> _Your objective_
Find the line below with "Nas figuras 8, 9" and the line with "Stilo - Cattolica". Output them and the lines between, exactly, but not the pictures.

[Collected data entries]
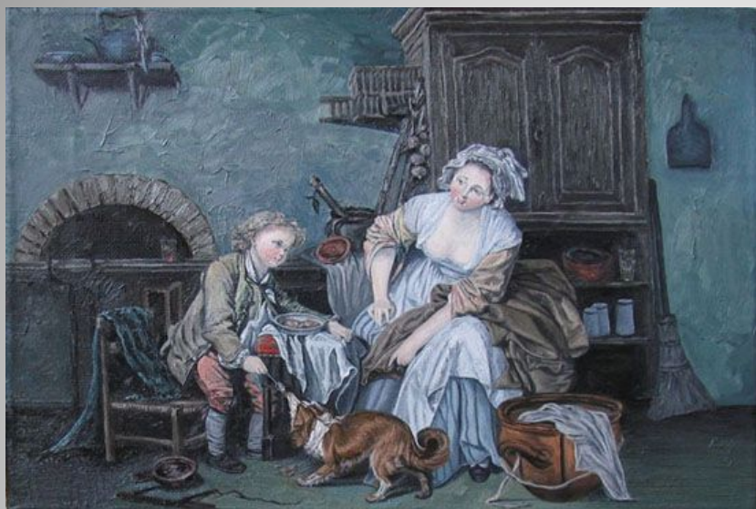
«Балованное дитя, или Плоды дурного воспитания»
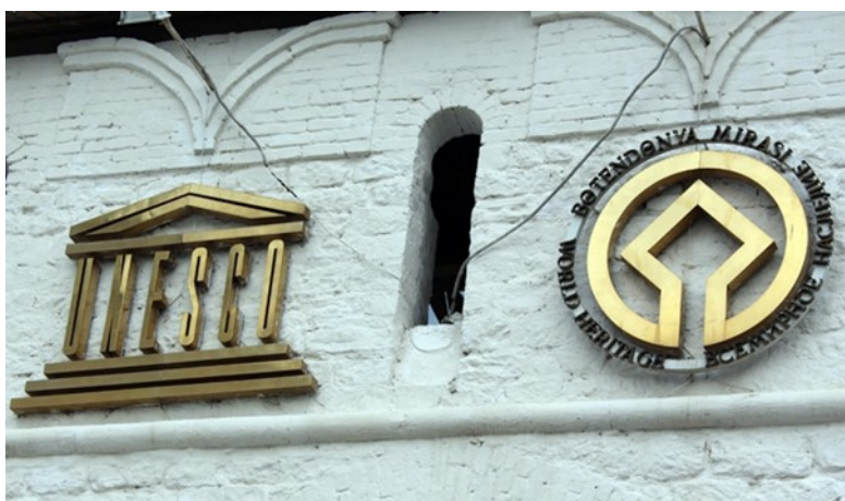
Эмблема Всемирного наследия на стене Казанского Кремля

Эмблема, являясь символом Конвенции, выражает приверженность государств-сторон ее принципам и служит для обозначения объектов, включенных в Список всемирного наследия.
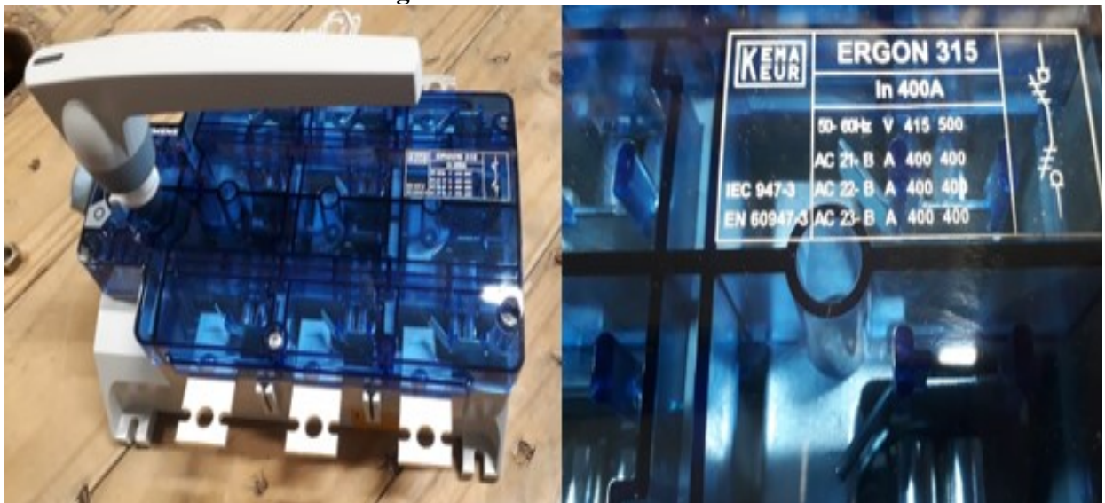
Figura 8 – Seccionador de BT

Nas figuras 8, 9 e 10, destacadas abaixo, são ilustrados os componentes utilizados, o modo de preparação do equipamento (caixa + seccionador) e a instalação em campo.
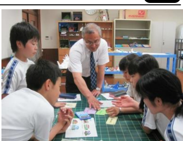
資金運用の計画を立てます。

最後に「人生やりくりゲーム」を行った。ゲームは、マイハウスやマイカー等の購入における資金のやりくり
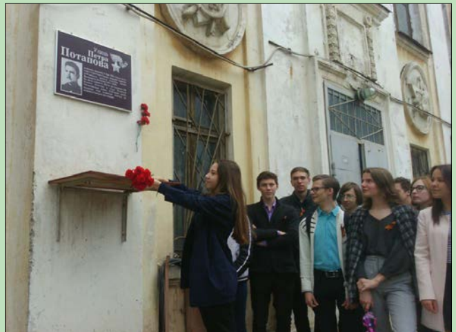
Лицейсты СМАЛ возложили цветы
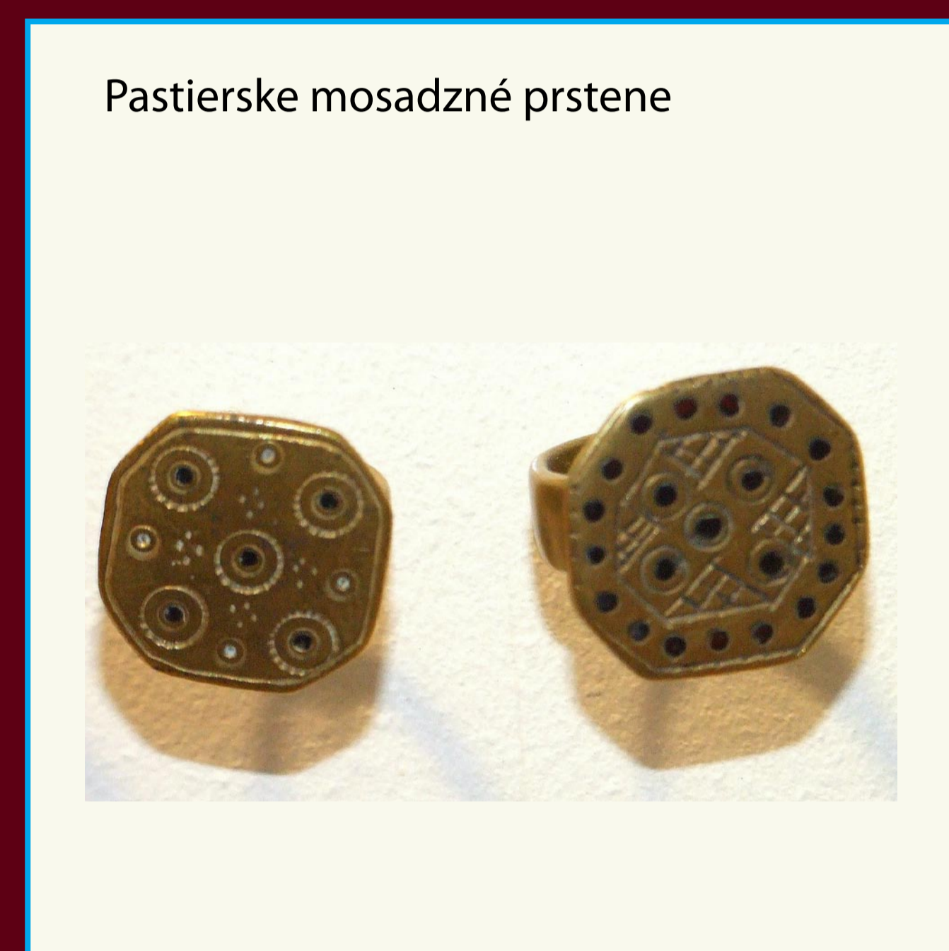
Pastierske mosadzné prstene
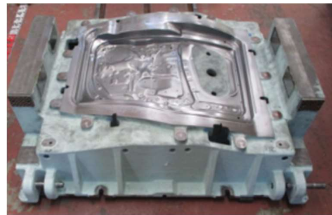
自動車のドアを生産するための金型
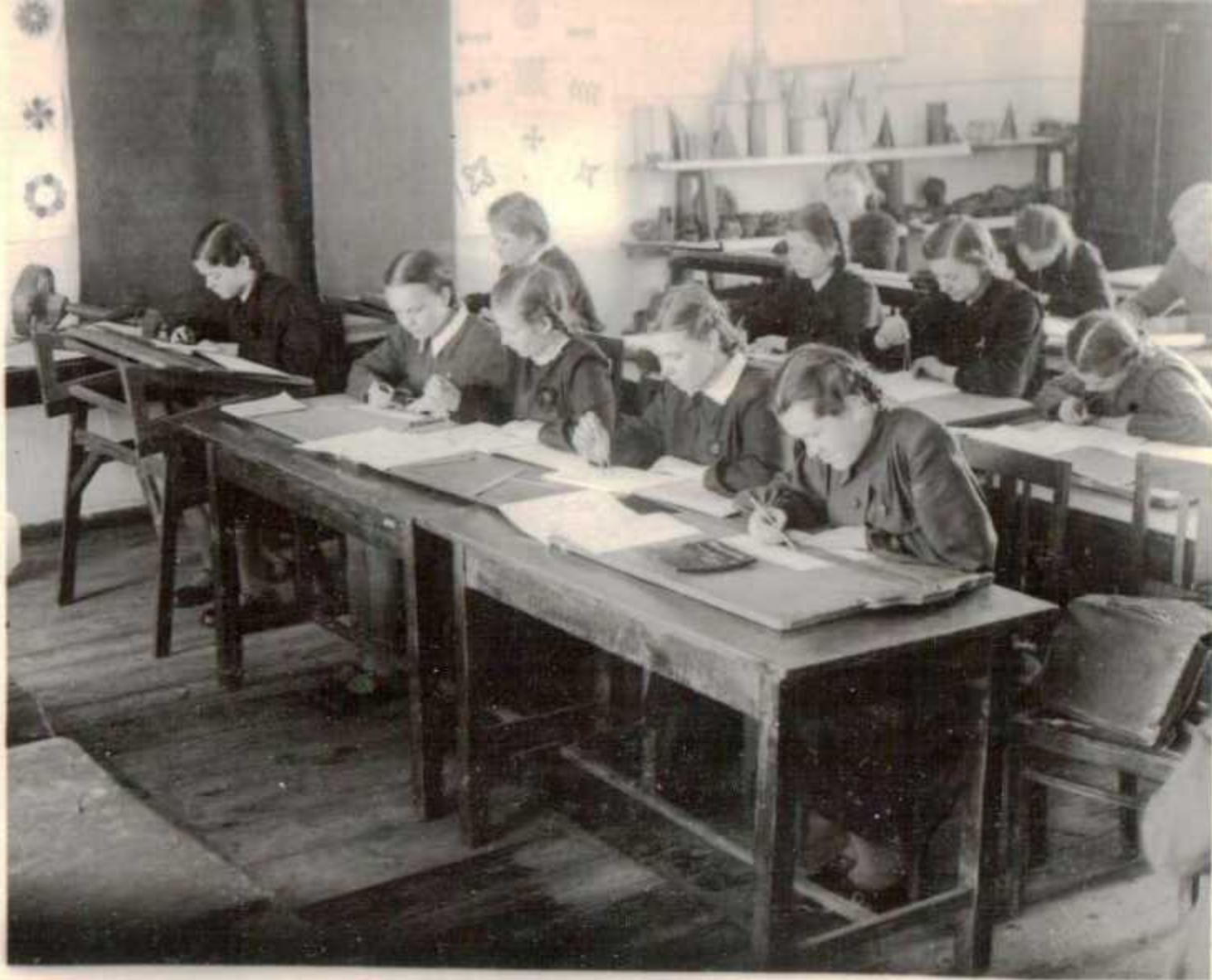
... D D D Урок черчения I к.
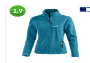
Jack Wolfskin Moonrise Fleecejacke Damen von Jack 69,95 € bei Sport Schenk
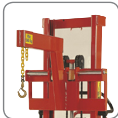
Quick-shift gör det enkelt att byta ut kranarmen mot någon annan extrautrustning eller gafflar.
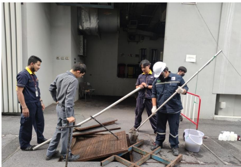
บ่อพักสุดท้าย

รูปที่ 3-2 จุดตรวจวัดคุณภาพอากาศในบรรยากาศโดยทั่วไป (Ambient Air Quality) ของโครงการ โรงแรม Magnolias Ratchadamri Boulevard บริษัท แมกโนเลีย ไฟน์เนสต์ คอร์ปอเรชั่น จำกัด
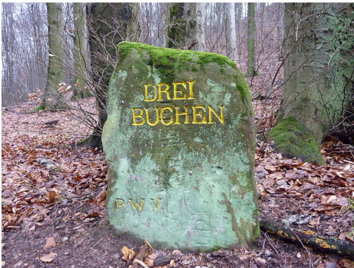
Ritterstein Nr. 14 Drei Buchen an der Burgruine Guttenberg (2012)
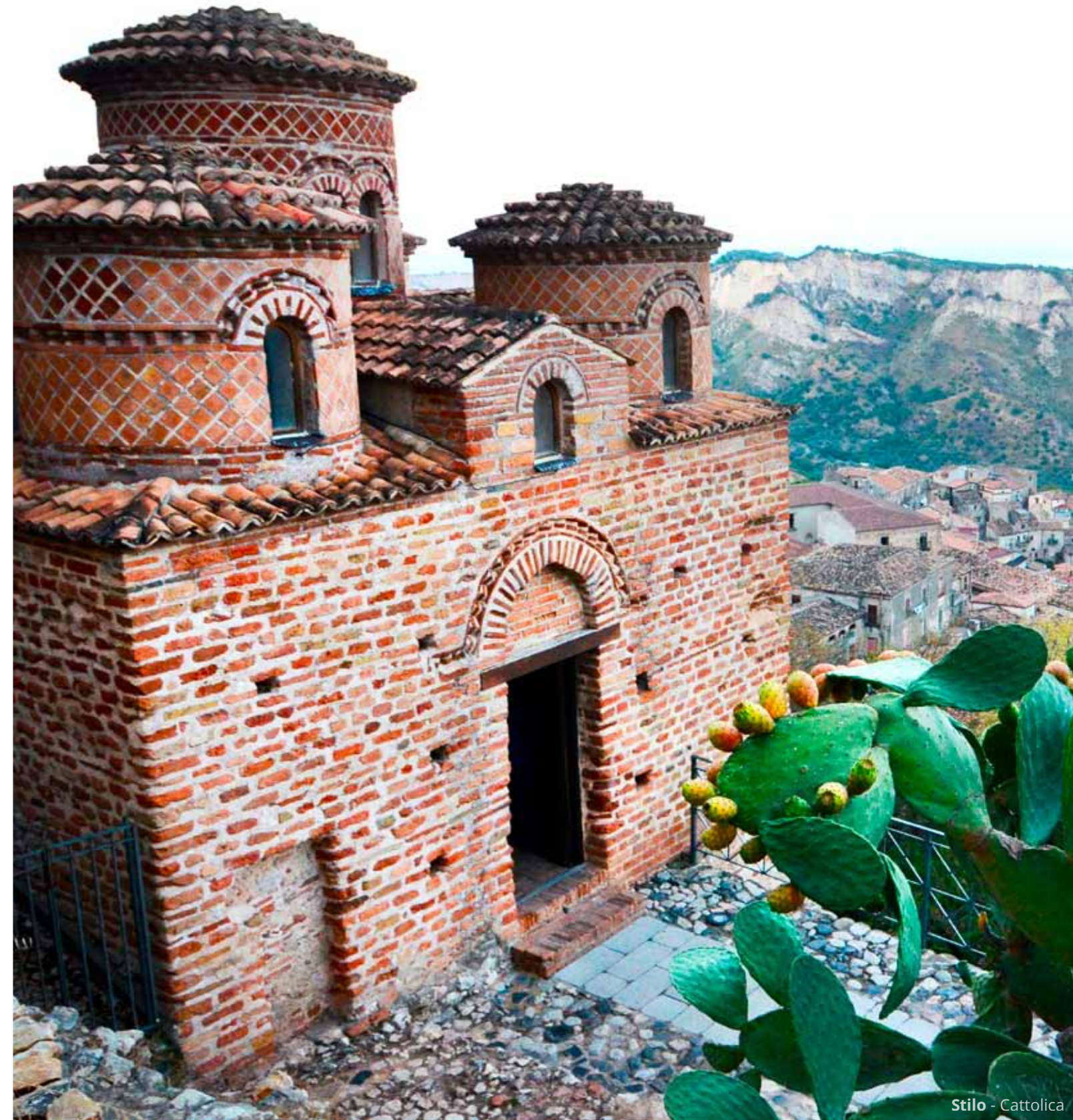
Stilo - Cattolica

Un buon modo per visitare la Calabria sembra essere quello di passare la giornata al mare ed andare a dormire al fresco, sugli antichi borghi montani. Così dopo un altro bagno nello Ionio, arriviamo al tramonto per visitare Stilo e la sua Cattolica , antica chiesa bizantina, e scopriamo che il paese è in festa patronale. Assistiamo quindi alla processione ed ai festeggiamenti con i fuochi artificiali.
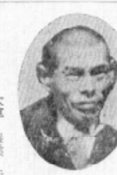
大草 農業 新

一、明るい豊かな町造り。二、二級河川の新設、促進。三、道路橋梁河川の拡充強化。四、農業基本法の実施について。五、遠征家開発並びに林道充実。六、文教施設の充実。七、工場誘致
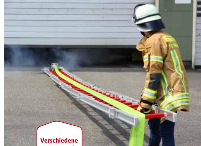
Verschiedene Düsen und Rollen
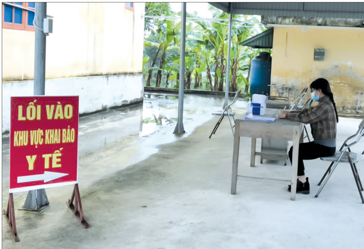
Người trở về từ các tỉnh, thành phố khác đến khai báo y tế tại Trạm Y tế xã Việt Thuận (Vũ Thư).
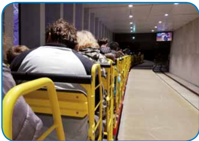
Inda so mali cug v Postojnskoj djami tiskali vodiči, zdaj ga vleče lokomotiva
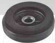
PLUNGER TOOL OUTIL DE PLOMBERIE HERRAMIENTA DE FONTANERIA SAUGGLOCKE
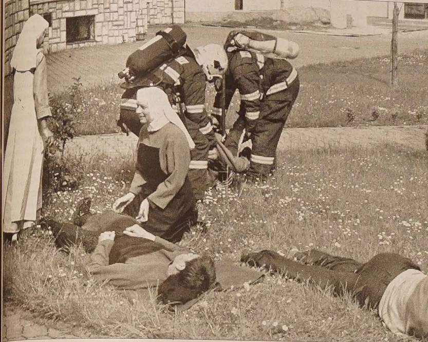
W klasztorze dziewczynki siostry elżbietanki utworzyły punkt pierwszej pomocy medycznej, w którym – jak ocenili strażacy – fachowo udzielają pomocy.

tel.: 558 731 766 faks: 558 740 044 info@glosludu.cz
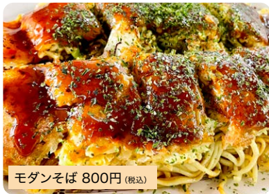
モダンそば 800円 (税込)
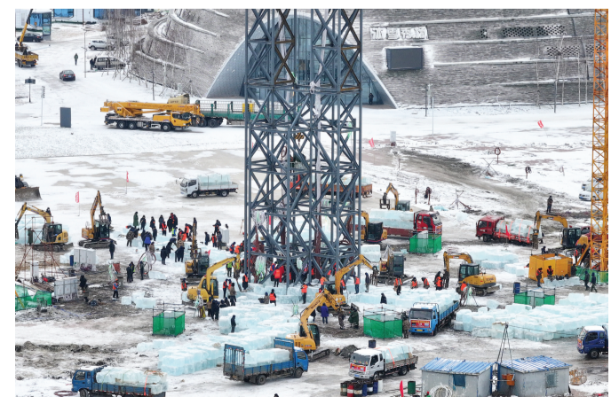
11月27日，第二十六届哈尔滨冰雪大世界冰建施工正式开始，园区内一片繁忙景象。图为工人在第二十六届哈尔滨冰雪大世界冰建施工现场作业（无人机照片）。

凌汛是黄河特有的汛情，由于黄河部分河段从低纬度流向高纬度地区，每年封冻、开河存在时间差，冬春时期易出现汛情。
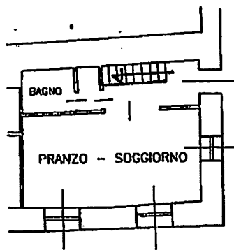
Piano Rialzato H. 2.50
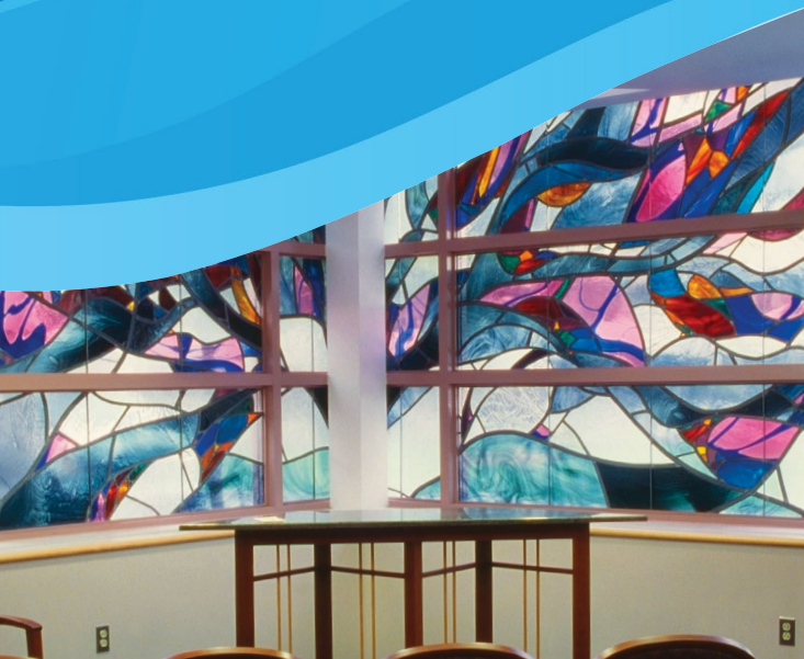
Hasbro Children's Chapel
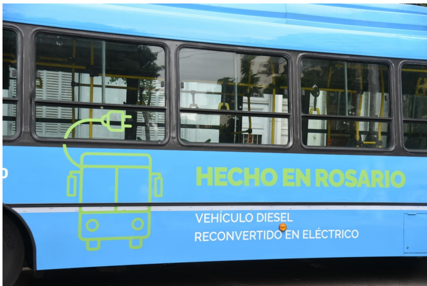
Trolejbus vyroben v Rosariu.
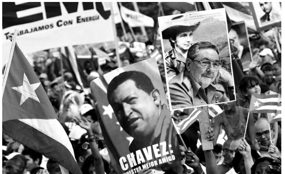
Desfile por el Primero de Mayo, en La Habana.

Emilio Marín / La Arena Cubainformación TV
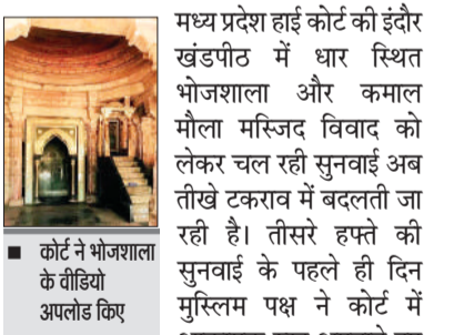
मध्य प्रदेश हाई कोर्ट की इंदौर खंडपीठ में धार स्थित भोजशाला और कमाल मौला मस्जिद विवाद को लेकर चल रही सुनवाई अब तीखे टकराव में बदलती जा रही है। तीसरे हफ्ते की सुनवाई के पहले ही दिन मुस्लिम पक्ष ने कोर्ट में आक्रामक रुख अपनाते हुए साफ शब्दों में कहा- जिसे पहले ही मस्जिद माना जा चुका है, उसे बार-बार ▶▶ शेष पेज 6 पर

केंद्रीय बलों के कमांडरों ने तैयारियों का जायजा लिया
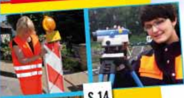
Wer baut Straßen, Gleise und Wasserwege? Hier erfährst du's.
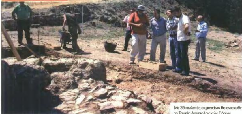
Με 39 πωλητές εκμαγιών θα ενισχυθεί το Ταμείο Αρχαιολογικών Πόρων
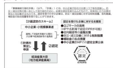
【図2】事業継続力強化計画認定制度の概要 ※5

事業継続力強化計画の具体的な策定方法については、事業継続力強化計画策定の手引きに記載されていますが、①事業継続力強化の目的の検討、②災害等のリスクの確認・認識、③初動対応の検討、④ヒト、モノ、カネ、情報への対応、⑤平時の推進体制を検討して計画に反映させていきます ※6 。
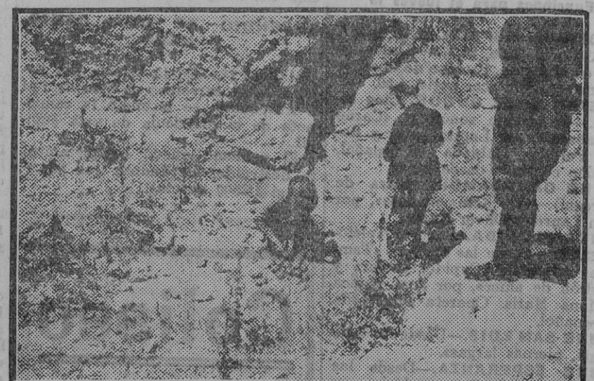
Varios de los explosivos preparando los un artífice a fin de hacerlos desaparecer.

Esta preocupación se refleja de modo ostensible en el retraimiento de los vecinos, que acuden en muy escaso número a los establecimientos y a los cines.

> _Solution to the problem_
Nas figuras 8, 9 e 10, destacadas abaixo, são ilustrados os componentes utilizados, o modo de preparação do equipamento (caixa + seccionador) e a instalação em campo.
資金運用の計画を立てます。

最後に「人生やりくりゲーム」を行った。ゲームは、マイハウスやマイカー等の購入における資金のやりくり
Лицейсты СМАЛ возложили цветы
Pastierske mosadzné prstene
自動車のドアを生産するための金型
... D D D Урок черчения I к.
Jack Wolfskin Moonrise Fleecejacke Damen von Jack 69,95 € bei Sport Schenk
Quick-shift gör det enkelt att byta ut kranarmen mot någon annan extrautrustning eller gafflar.
บ่อพักสุดท้าย

รูปที่ 3-2 จุดตรวจวัดคุณภาพอากาศในบรรยากาศโดยทั่วไป (Ambient Air Quality) ของโครงการ โรงแรม Magnolias Ratchadamri Boulevard บริษัท แมกโนเลีย ไฟน์เนสต์ คอร์ปอเรชั่น จำกัด
Ritterstein Nr. 14 Drei Buchen an der Burgruine Guttenberg (2012)
Stilo - Cattolica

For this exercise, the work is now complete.